1.2) Palynofacies Analysis in the Neoproterozoic and the Neoproterozoic Climatic Paradox
Neoproterozoic diamictites at low palaeolatitudes overlain by "Cap Carbonates" led to the hypothesis of at least 2 global glaciations, known as "Snowball Earth". The Cap Carbonates associated with negative -δ13C excursions are a key point of this theory, interpreted as a result of the collapse in organic productivity in the ocean, due to the isolation of global oceans from the atmosphere by the global ice cover. Therefore Cap Carbonates were interpreted as anorganic precipitates produced by the switch from "Snowball Earth" into a super green house – the Neoproterozoic Climatic Paradox. Although this hypothesis is widely accepted today, there is independent sedimentary evidence that areas of open ocean coexisted with low latitude sea-ice (Embelton & Williams 1986) and for advance and retreat of wet based glaciers (Allen et al. 2004). Palynological studies of Cap Carbonates from the late Neoproterozoic Maieberg Fm in NE-Namibia prove a continuous record of life within the Cap Carbonates, dominated by cyanobacteria with few prasinophytes and acritarchs. The decrease of organic matter (TOC) in the Cap Carbonates is not related to less organic productivity in the oceans, but to facies changes to extremely shallow marginal marine conditions of a proximal carbonate platform. Palynology proves, that cap carbonates are mainly biogenic or at least biomediated deposits (and not solely anorganic precipitates), requiring open oceans and ice-free sea floors during this aftermath of the main glacial interval. Palynofacies analysis gives clear evidence for sea-level fluctuations within the Cap Carbonates. Variations in relative sea-level are recorded by changing proportions of prasinophytes and acritarchs within the generally very shallow, marginal marine environment, dominated by microbial mats (cyanobacteria). This indicates continued climatic variability during Cap Carbonate deposition, contradicting its interpretation as a deposit of a single large marine transgression at the end of the global glaciation, assumed by the ‘Snowball Earth’ theory. The continuous record of fluctuations in relative sea-level coeval with dropstones contradicts the rapid change from a ‘Snowball Earth’ to a super greenhouse during the Cap Carbonate deposition, but supports a model of long term waxing and waning of glaciers within a relatively slow escape from a widely glaciated Neoproterozoic world.

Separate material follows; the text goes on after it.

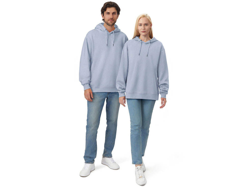 Толстовка с капюшоном из мягкого флиса из смеси хлопка и полиэстера. Модель комфортной и актуальной посадки оверсайз отлично подходит для обычной жизни и в качестве промо мерча. - оверсайз посадка - удобный капюшон на подкладке -мягкое и уютное полотно из смеси хлопка и полиэстеры - Низ и рукава обработаны манжетами из риба 2х2 и дополнительно отстрочены для укрепления - увеличенная зона для нанесения из-за отсутствия кармана
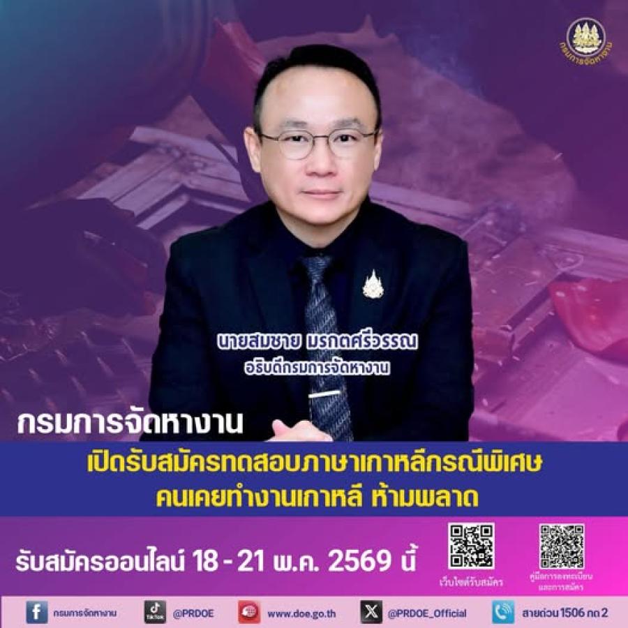 กรมการจัดหางาน เปิดรับสมัครทดสอบภาษาเกาหลีกรณีพิเศษ สมัครผ่านออนไลน์ 18 - 21 พ.ค. นี้

1.3) Neoproterozoic Glaciations and Infracambrian HC Systems
Neoproterozoic petroleum systems are still little known. Generally post-glacial highstand deposits are seen as major source rocks for these ‟Infracambrian‟ petroleum systems. Analogue to the deposition of Silurian black-shales following the late Ordovician glaciation as a major source rock interval in Northern Africa, organic-rich deposits during the massive rise of sea level following “Snowball Earth” are seen as major source rock units along Northern Gondwana from Northern Africa to India and Australia. In northern Namibia, on the shelf of the southern margin of the Congo craton, different subbbasins developed before, during and after the „Marinoan‟ glaciation, due to repeated tensional activity. The postglacial sea-level rise, most probably accompanied by restricted circulation, widely flooded the newly formed relief (shelf and subbasins) and led to the deposition of organic-rich shaly limestones. But also during preglacial times basin developement led to the deposition of organic-rich carbonates, assuming high HC source rock potential. The study covers continuous successions from the preglacial Auros Fm. through the synglacial Ghaub Fm. to the postglacial Maieberg Fm. in different shelf to basin positions. Apart from the Ghaub diamictites, the whole sucession is composed of mainly dark, organic-rich, micritic carbonate shelf deposits. Source rock analysis is focused on the quantity and the quality of organic matter, based on the compostion of the kerogen (organofacies analysis) and organic maturation. Comparing hydrocarbon source rock characteristics and prospectivity of pre- and postglacial Neoproterozoic deposits in Namibia shows, that under certain conditions HC source rock potential is even higher in preglacial than in postglacial successions. Therefore the well exposed carbonate sucessions of ‟Marinoan‟ pre- to postglacial deposits in northern Namibia represent a good outcrop analogue for both, preglacial and postglacial source rocks of glaciogenic petroleum systems in the Neoproterozoic worldwide.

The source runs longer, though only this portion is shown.